For many small businesses, there comes a time when it’s necessary to scale up. Many businesses attempt to grow, but not all succeed. If a business grows too fast, it can lose sight of its founding mission and values, overextend itself financially or fail before it has built the solid foundations for long-term success. Growth becomes infinitely more achievable if approached with a repeatable, strategic mindset. Having worked with many growing businesses, from start-up to scale-up to unicorn, I’ve seen plenty of examples of how to grow and how not to grow. If your small business is ready for growth, here are a few considerations to keep in mind.
Do your due diligence
One of the primary challenges growing businesses encounter is realising too late that there isn’t demand for their product or service. Before you fall victim to the same fate, determine that there’s a need and an audience for your product or service. Be clear in your value proposition, and targeted in your audience. If you’re too broad or too unclear, you’ll stretch yourself and end up targeting nobody.

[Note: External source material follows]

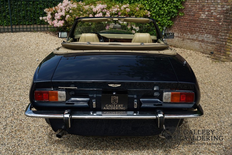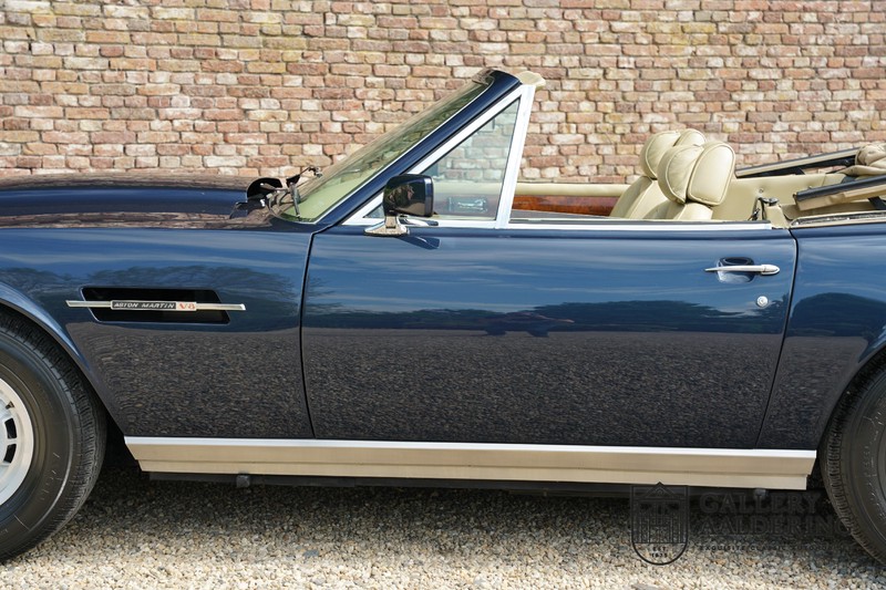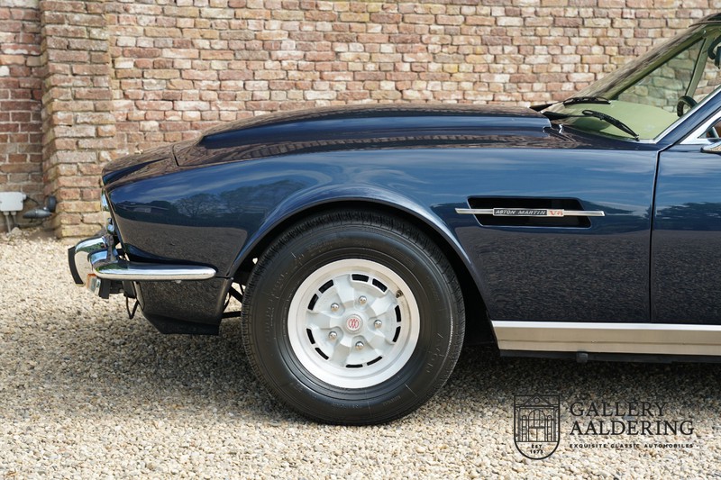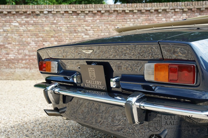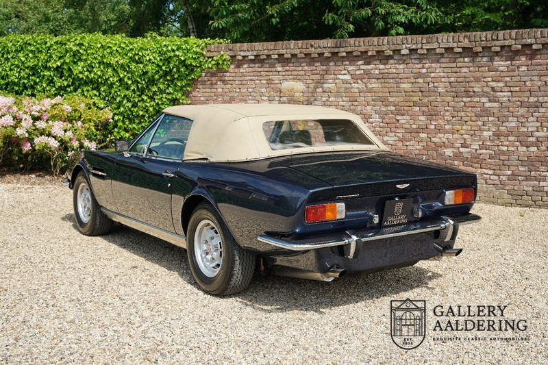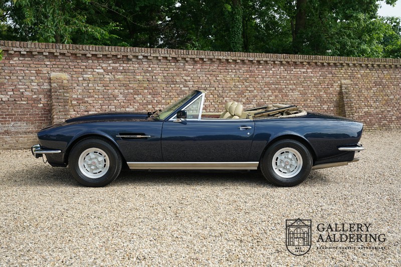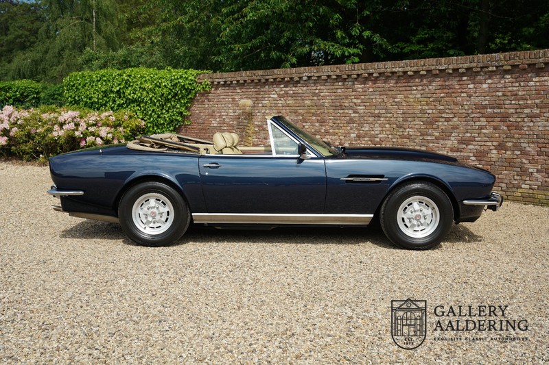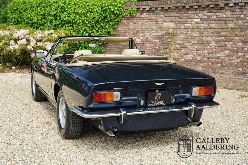 Dit exemplaar is in 2019 bij de bekende Aston Martin specialist Chris Shenton Engineering gebracht. Daar werden onder andere een aantal kleine onneffenheden opgelost zoals een moeizaam functionerende kap en wat kleine verlichtingszaken maar ook grote zaken werden aangepakt zoals het volledig opnieuw opbouwen en afstellen van de Weber carburateurs, de wielen werden opnieuw opgemaakt, alle brandstofleidingen werden vernieuwd, de tank werd verwijderd, gereinigd, opnieuw gespoten en opnieuw gemonteerd en als kers op de taart werd de Volante teruggebracht tot kaal metaal en volledig opnieuw gespoten in de prachtige blauwe kleur die ze vandaag draagt. Voordat er met de spuitwerkzaamheden werd begonnen werden de US-lights verwijderd, de carrosserie helemaal strak gemaakt en werd de motorruimte eveneens helemaal opnieuw opgemaakt. Het koelsysteem werd deels vernieuwd, de airco opnieuw op druk gezet, de accu vervangen en een heleboel bijkomende kleine werkzaamheden. Kortom na een rekening van meer dan £ 40.000 staat er een vrijwel nieuwe Aston Martin V8 Volante in een schitterende kleurstelling.

If the first step is determining whether there is a market for your offering, the second is analysing whether scaling will actually be profitable for your business. If the path to strong or long-term ROI isn’t clear, don’t rush, you’ll only financially overstretch yourself. When businesses grow too quickly, they often lose control or stability. Often when that happens a business introduces policies to regain control but usually only succeed in suppressing innovation. To avoid this, establish processes, frameworks and a standard operating procedure. This will help you maintain control even as you scale.
Align your business
An often overlooked ingredient for successful growth is alignment. When a business operates in unison with collaboration, communication, a shared vision and metrics for success, it can grow sustainably. To truly align, you must unite every team member or department under your overarching goals, then align these goals with the needs of your customers and market.
To do so, you must be thorough. Align your financial and business plans and monitor key success metrics closely and openly as a team. Open, honest and aligned communication about metrics, challenges and opportunities helps create a sustainable growth mindset. When done well, business-wide alignment can become a direct, powerful and reliable driver of growth.
Expand your team
It’s easy to think the faster you hire the faster you grow, but that’s often not the case. To scale successfully, your business must operate with a focus on ratios. If you over-invest in one team without thinking about the effect on another, it can lead to hitting “potholes” that impede growth. For example, if you double your product and engineering teams to develop new product offerings, but aren’t able to see commensurate sale increases or haven’t invested in increased marketing efforts to generate demand for the new products, the go-to-market for your new products may “fail to launch”.
Or, if your growth or sales teams are expanding, so too must those behind-the-scenes like finance, HR and admin. Not every role in a business is revenue-generating, but everyone is a key cog in the growth machine.
Scaling a business is an exciting journey, but requires careful consideration. Relying on the same tried-and-tested approach that helped you start your business often doesn’t suffice, while pushing too hard, too quickly, can see businesses falter before they’ve even got into their stride. By doing due diligence, aligning your business behind a shared goal, and understanding how to scale your team as your business grows, you’ll have a better foundation to transition from small business to scaling business.